The following table attempts to collect the general threat scenarios of a typical journalist in Australia.

Have some feedback? Feel free to drop us a line and we are happy to make corrections

# Adversary What they are after? What they can do? How can you defend yourself?
1 The Government Name and contact details of a journalist's information sources Link the journalist and the information source together by using the retained metadata at the ISP and/or service providers Link
2 The Government Name and contact details of a journalist's information sources Link the journalist and the information source together by targeted surveillance of the journalist Link
3 The Government Name and contact details of a journalist's information sources Link the journalist and the information source together by seizing the journalist's laptop and mobile phone Link
4 The Government The content of the communication between the journalist and the information source Monitor the communication on-the-wire with targeted surveillance (a.k.a. wiretapping) Link
5 The Government The content of the communication between the journalist and the information source Monitor the communication at the journalist's computer using a malware or backdoor (targeted surveillance) Link
6 The Government The content of the communication between the journalist and the information source Seizing the journalist's devices to read files, chat logs and browsing history from the computer or the mobile phone Link
7 Corporate Hacking Name and contact details of a journalist's information sources. The content of the communication between the journalist and the information source. Monitor the communication at the journalist's computer using malware or backdoor (targeted surveillance) Link
8 Cyber Criminals The journalist's money, passwords and banking details Install ransomware or information stealing malware with browser exploits, malicious links or malicious attachments in phishing emails Link
9 Casual Eavesdropper Nothing in particular Publish any data they stuble upon on things like a lost and found USB drive, or a laptop stolen from the journalist's car Link

The following section details the potential tools and practices matching your threat scenario of the threat model

In this scenario, you have to leave as little footprint as possible. Metadata is collected and retained at the ISP and service providers for 2 years. This includes things like email recipients, usernames or dialled phone numbers. For a non-comprehensive list of metadata, refer to the Attorney-General's Department's Guide for more details.
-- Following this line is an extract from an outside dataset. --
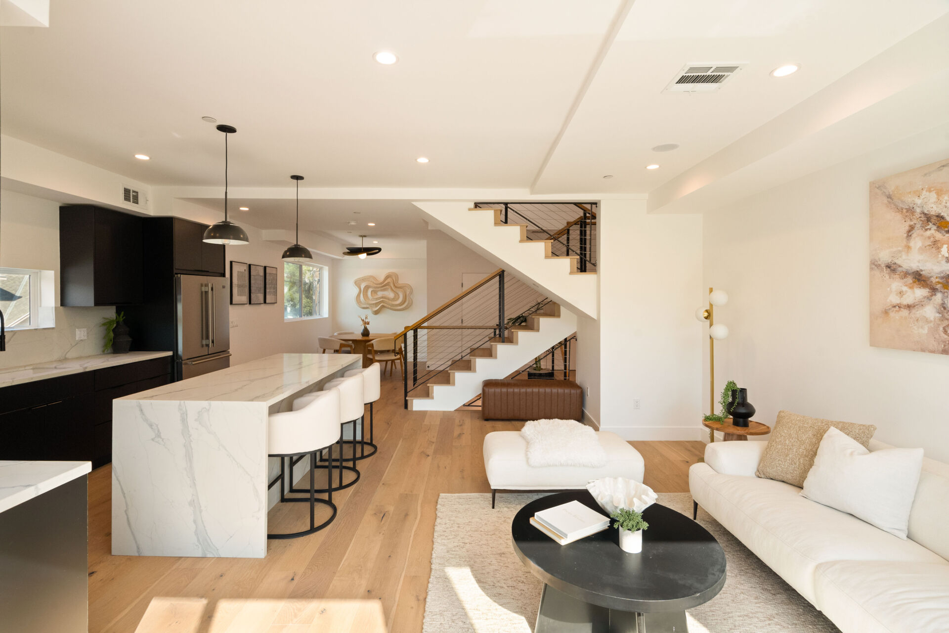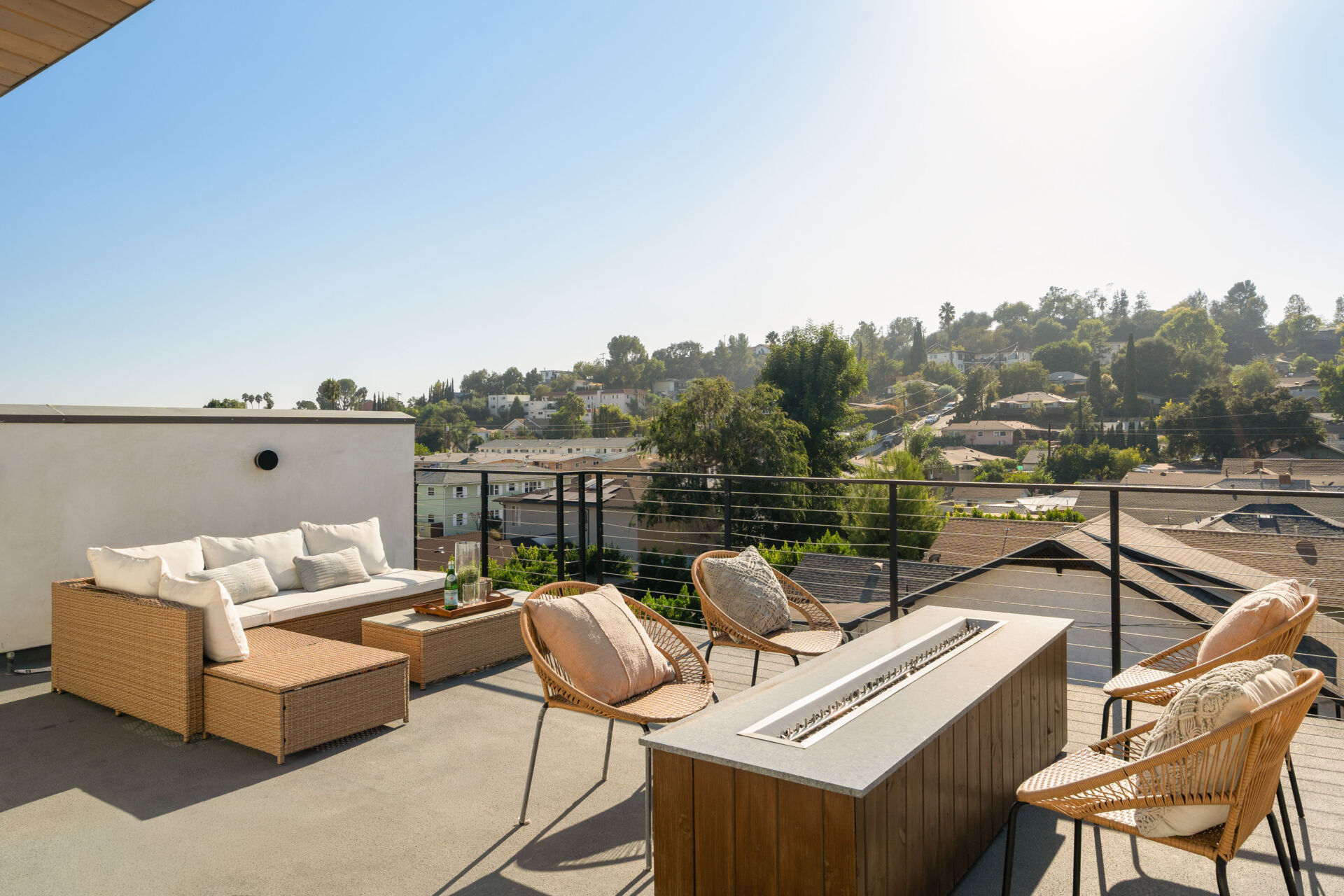 Enjoy three roomy primary suites all with dedicated baths + walk-in closets, lending to the flexibility of how you use the space. Two bedrooms enjoy their own private balconies offering relaxing spaces for solitary moments of morning reflections. An expansive roof top deck on the upper level has been prepped for you to customize it for premium al fresco living. Move right in with outlets galore for your ideal outdoor entertainment system set up, hook ups for an outdoor kitchen, and a built-in fire pit ready for enjoyment. Enjoy never-ending moments of gratitude as you indulge in sprawling views of verdant hillsides and twinkling city lights. Finally, you’ve got your own piece of the pie!

The goal of this case is hiding or not leaving as much metadata as possible. Therefore, we recommend using the following tools from our guides:

Use Cases Recommendations
Web Browsing Using the Tor Browser (coming soon), Choosing a Safe Search Engine
Email Not recommended (even with PGP)
Instant Messaging Secure Chat With Ricochet
Voice Calls Tooling doesn't exist
Video Calls Tooling doesn't exist
Text Messaging (SMS) Not recommended
File Exchange Secure File Exchange With OnionShare, Exchanging Files and Messages with GlobaLeaks

In this scenario the Internet traffic and the mobile phone voice and texts of the journalist are actively monitored. The main goal is encrypting the contents of the communication, and leaving as little metadata as possible.

Use Cases Recommendations
Web Browsing Using the Tor Browser (coming soon)
Email Not recommended (even with PGP)
Instant Messaging Secure Chat With Ricochet
Voice Calls Tooling doesn't exist
Video Calls Tooling doesn't exist
Text Messaging (SMS) Not recommended
File Exchange Secure File Exchange With OnionShare, Exchanging Files and Messages with GlobaLeaks

This scenario is when the devices are seized for the files, chat logs and browser histories on them. Therefore, the goal is to keep the storage space of these encrypted, so these details can only be accessed when the correct passcode is entered.

The suggestions are revolving around physical security:

In this case, the Internet traffic of the journalist's PC and mobile phone are recorded and analyzed. Voice calls and text messages are also captured. The advisory's aim is to peek into the content of the communication between the journalist and the information source.

This scenario assumes that the link between the journalist and the information source is not secret, therefore the metadata retention (as opposed to the data content) is not a concern. The purpose of the listed tools is merely to encrypt communication between the two parties.

Use Cases Recommendations
Web Browsing Using the Tor Browser (coming soon), Setting up a VPN (coming soon)
Email Encrypting Emails with PGP
Instant Messaging Encrypted Voice Calls and Text Messages (coming soon)
Voice Calls Encrypted Voice Calls and Text Messages (coming soon)
Video Calls End-to-End Encrypted Video Calls with Wire
Text Messaging (SMS) Encrypted Voice Calls and Text Messages (coming soon)
File Exchange Encrypting Emails with PGP
File Storage Storing Files Privately in the Cloud
Team Collaboration Secure Team Chat with Semaphor

Since the breaches of the Hacking Team and FinFisher, or news from the FBI, we know that certain governmental organisations are willing to exploit computers and smartphones to install backdoors on them.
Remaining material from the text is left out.